Harper’s slam-dunk argument for the Canada-European Union ‘free trade’ agreement, often uncritically reported in the media, is that the ‘Comprehensive Economic and Trade Agreement’ is key to Canada’s economic prosperity. The Canadian Press reports, “The government continues to quote a joint study on the impact, conducted five years ago, projecting a possible $12 billion boost to economic activity in Canada – $16 billion for the EU – and the creation of about 80,000 jobs. …Trade Minister Ed Fast said that, if anything, the joint study underestimated the gains.”

While we’ve challenged these numbers for years, they are also now being questioned by the Royal Bank of Canada and the private-sector research firm Capital Economics.

RBC economist Laura Cooper says, “There will be little noticeable economic impact for Canada over the short-term.” Capital Economics chief economist David Madani says, “It’s political so there’s lots of hype around the deal. …Most people understand that Canada’s trade with the EU is small so it’s not going to have a huge benefit. Assuming it is ratified, it’ll benefit Canada but the benefit will be very small.”
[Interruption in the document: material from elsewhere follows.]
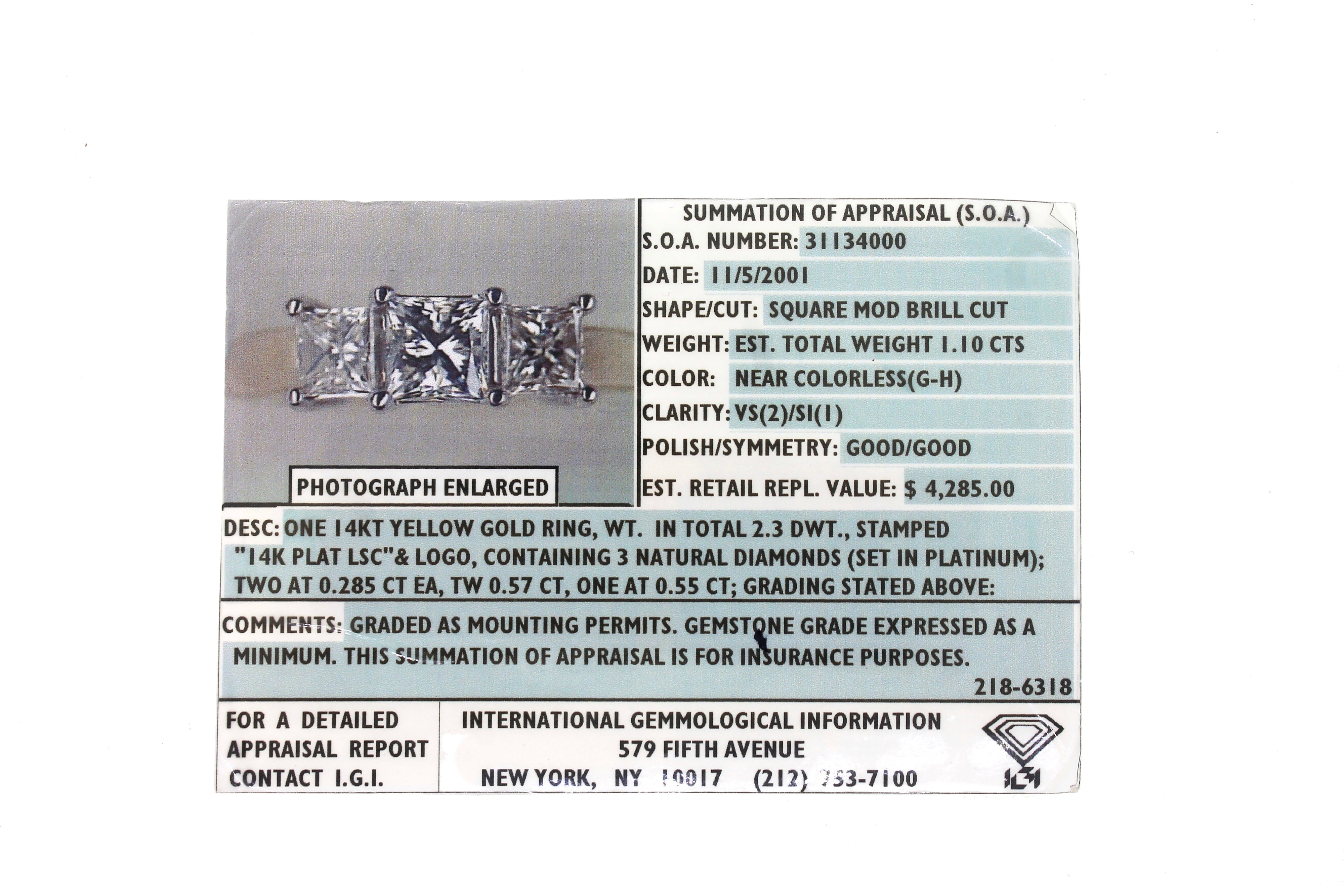 Yes, this item will include the IGI 'Summation of Appraisal' card pictured and an additional Collectors Coins & Jewelry certificate of appraisal and authenticity as per buyer request. |
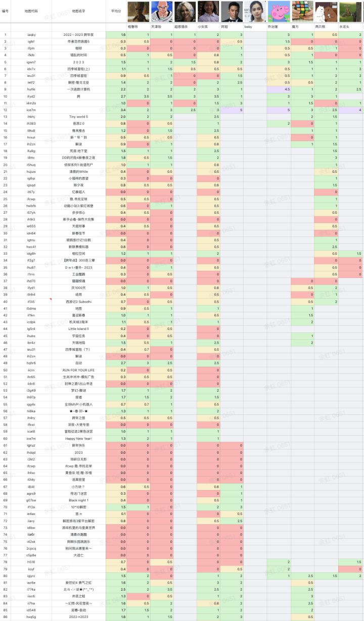 这个月的地图数真是不少,辛苦各位精委地图总数:425张平均得分:0.8全勤:格鲁特、天津饭平均打分最低(精鲨):超感猎杀平均打分最高(精侠):乔治猪平均打分最接近最终得分(公平公正奖):天津饭本月处理的工作量确实较大,表格中难免有疏漏大家有任何疑问可以在评论区中提出

This news article also notes that Erin Weir with the United Steelworkers and Jim Stanford from Unifor have also challenged the figures. “Weir points out that the five-year-old study did not estimate a number for additional jobs. Given that Canada has a trade deficit with Europe, CETA has the potential to displace more jobs than it creates…” In October 2010, Stanford said that under CETA Canada would lose 28,000 jobs – most of them in manufacturing – if tariffs were eliminated, but that the worse-case scenario was closer to 152,000 jobs lost. Stanford has also pointed out that with the five previous free-trade agreements Canada signed with the United States, Mexico, Israel, Chile and Costa Rica,, exports grew by an average of just 4.77 per cent.

Trade campaigner Stuart Trew has stated, “The magic $12 billion figure has been seriously discredited since it made a first appearance in 2008. An independent assessment of CETA done for the European Commission estimates a GDP boost of between ¼ and ½ that amount, or between $3 and $6 billion. But even the lower estimate needs to be taken with a grain of salt since the economic modelling used to calculate all these numbers assumes full employment, total reinvestment of trade gains into new production, and other conditions that don’t exist in the real world. In fact, studies have shown that CETA will lead to job losses by increasing Canada’s existing trade deficit with EU countries and reinforcing an imbalanced trade relationship where we export raw resources to the EU and import high-value manufactured goods.”

Over the weekend, the Canadian Press noted, “A report by two university researchers this week estimated the cost to Canadians from (the CETA provision of) delaying introduction of cheaper generic medicines will likely range between $800-million and $1.65-billion, once the patents on new drugs expire starting in 2023. …(Harper has) said the government will consider compensation for the cheese makers (who now face more European imports) and the provinces, which would bear the brunt of higher drug costs.”